_To do_
Reproduce the material below line by line, beginning with its first line and ending with the line that contains "Hot Creative Vintage"; leave out pictures.

_Data below_
- Opening Delimiter -
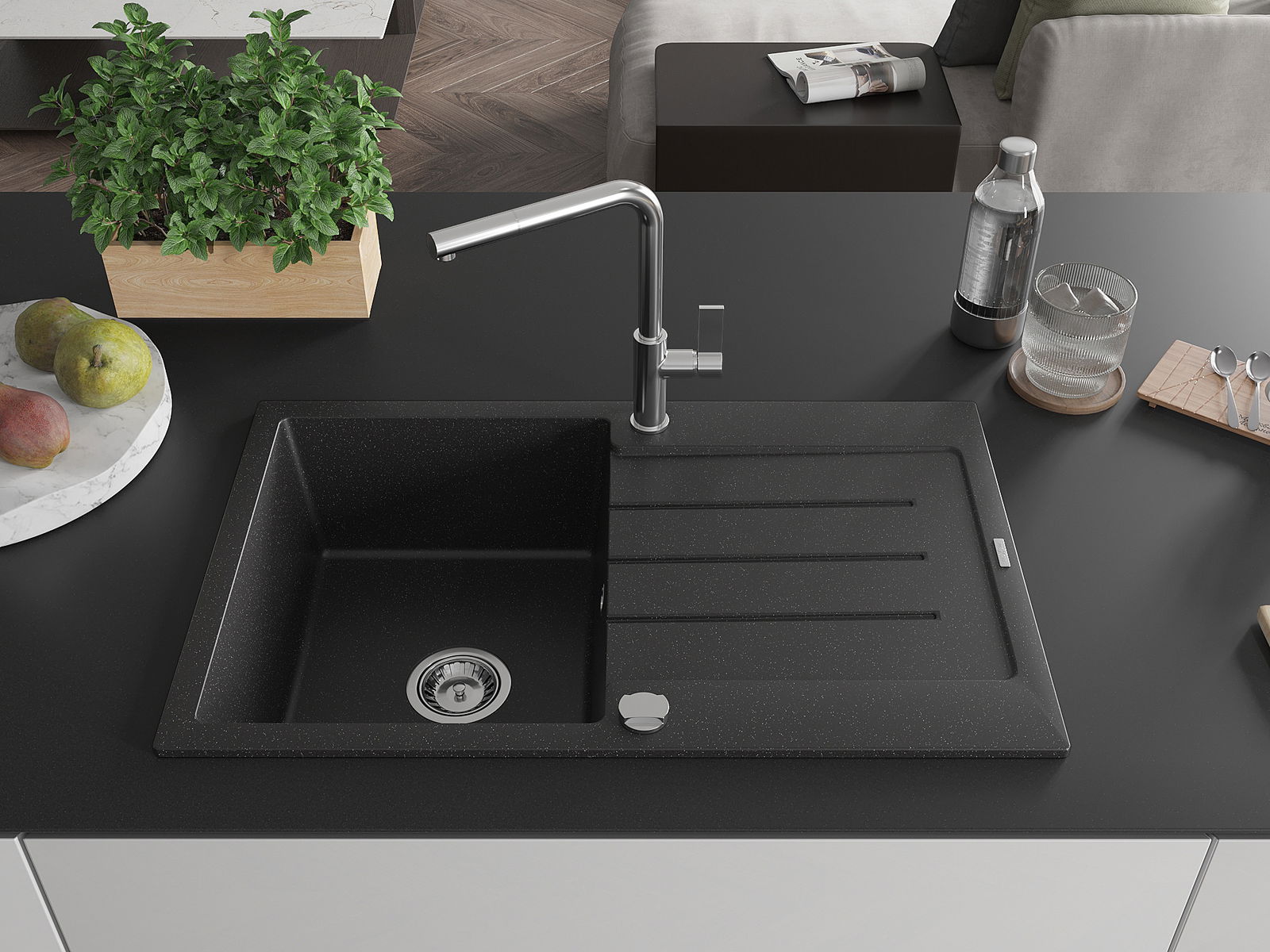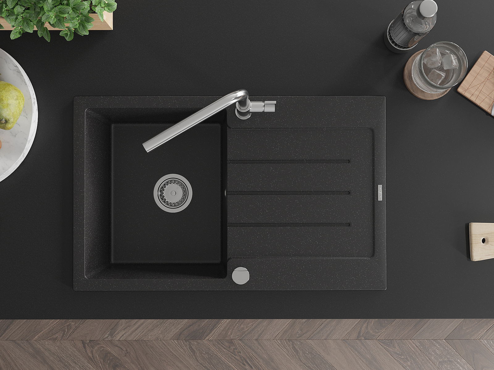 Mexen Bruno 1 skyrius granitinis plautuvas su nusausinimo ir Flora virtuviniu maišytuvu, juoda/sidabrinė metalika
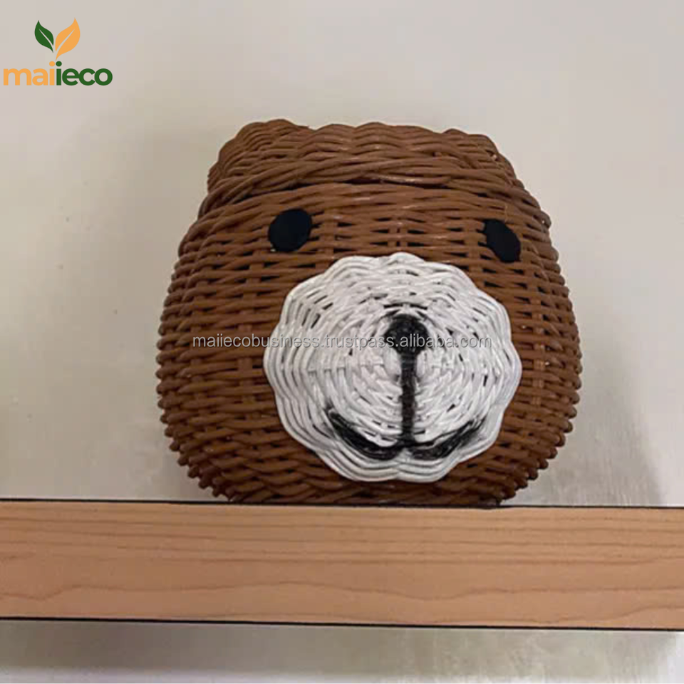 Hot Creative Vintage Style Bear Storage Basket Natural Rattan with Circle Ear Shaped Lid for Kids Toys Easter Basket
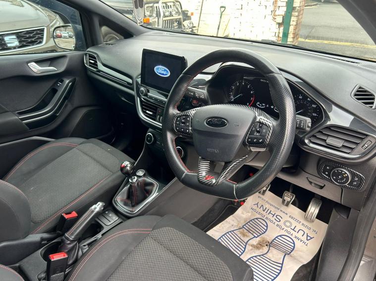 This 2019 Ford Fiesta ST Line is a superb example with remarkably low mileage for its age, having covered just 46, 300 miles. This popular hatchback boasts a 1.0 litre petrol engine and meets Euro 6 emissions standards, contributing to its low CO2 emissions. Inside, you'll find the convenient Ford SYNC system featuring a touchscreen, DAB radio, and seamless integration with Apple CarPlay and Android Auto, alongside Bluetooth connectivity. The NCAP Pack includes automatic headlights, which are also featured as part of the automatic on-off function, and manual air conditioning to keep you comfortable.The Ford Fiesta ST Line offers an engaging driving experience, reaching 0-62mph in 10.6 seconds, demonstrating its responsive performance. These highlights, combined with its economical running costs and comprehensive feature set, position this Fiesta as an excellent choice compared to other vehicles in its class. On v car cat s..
- Closing Delimiter -
_Reply_
 Mexen Bruno 1 skyrius granitinis plautuvas su nusausinimo ir Flora virtuviniu maišytuvu, juoda/sidabrinė metalika
 Hot Creative Vintage Style Bear Storage Basket Natural Rattan with Circle Ear Shaped Lid for Kids Toys Easter Basket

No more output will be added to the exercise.